January 12, 2016
It seems like an eternity ago (even though it was only a week ago) that you slept through the night, napped without a fuss and were a pretty normal and happy baby. Wonder Weeks warned me with lightening bolts galore that you were about to take a new “leap” and become more challenging (to put it lightly) but I dismissed them.
Welcome to the “Events” leap aka. sleep regression aka. The 4 Month growth spurt aka. WHY WONT YOU SLEEP?????
This milestone fills me with a mixed bag of emotions. On the one hand, I am a bit frustrated that your sleep time has become a war between us of me on the “go the fuck to sleep” side and you on the “not without a fight” side. It was nicer when we both agreed that sleep was paramount to a great day. Now you seem to need a lot of convincing.
I also feel really sad that you seem to be more upset than usual. The more we get to know each other, the more bothered I am by your cry. I am currently on level “stab me in the heart twice and twist the blade” when it comes to hearing you wail.
Most noticeably I feel like a recharged milk machine. I guess you eating every minute is good for milk production because I woke up the other morning swimming in my own milky boobs. I don’t even know what to feel about that. Soggy?
On the flip aid I feel proud and excited that you seem to be hitting another developmental stage. It’s really cool to watch you grow and learn. Sure, to outsiders that fact that you can roll from front to back on BOTH sides is pretty unexciting but to me it is the single most important thing that has happened to my week.

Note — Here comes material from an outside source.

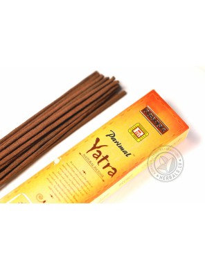 Yatra incense is a lovely sandalwood blend that has a divine sandalwood and vanilla like sweetness. The fragrance is complex with top notes that include musk and patchouli on a blended base of masala and sandalwood.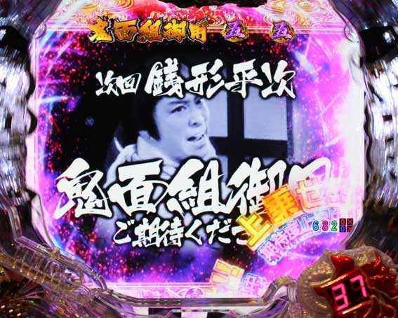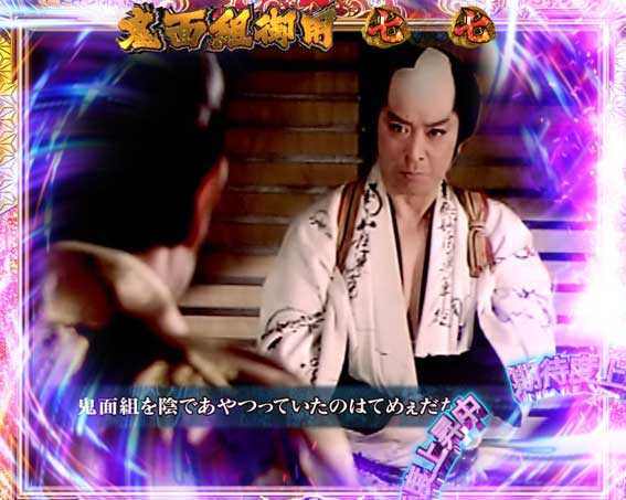 SPリーチハズレ後に十手が飛んできて画面に突き刺さると発展。3・7図柄大当り濃厚!

Finally, I feel really confident. This shit storm would have made me crazy in the past. I would have been crying in bed and imagining ways to escape but 4 months in I feel a renewed sense of calmness. If you have taught me anything it is that this too shall pass.
So Baby, with that I leave you with the following lesson:
You are bound to hit a million milestones. While you at age 4 months are hitting a new one, I am hitting a new one too at age 33. You are learning “events” and I am learning about remaining calm when you are not. This is to say that you never stop learning and hitting new personal milestones.
Yes, they can be frustrating and scary- what is new often is but if you keep your head up and know that there is always a rainbow at the end of a storm, then you will get through life just fine.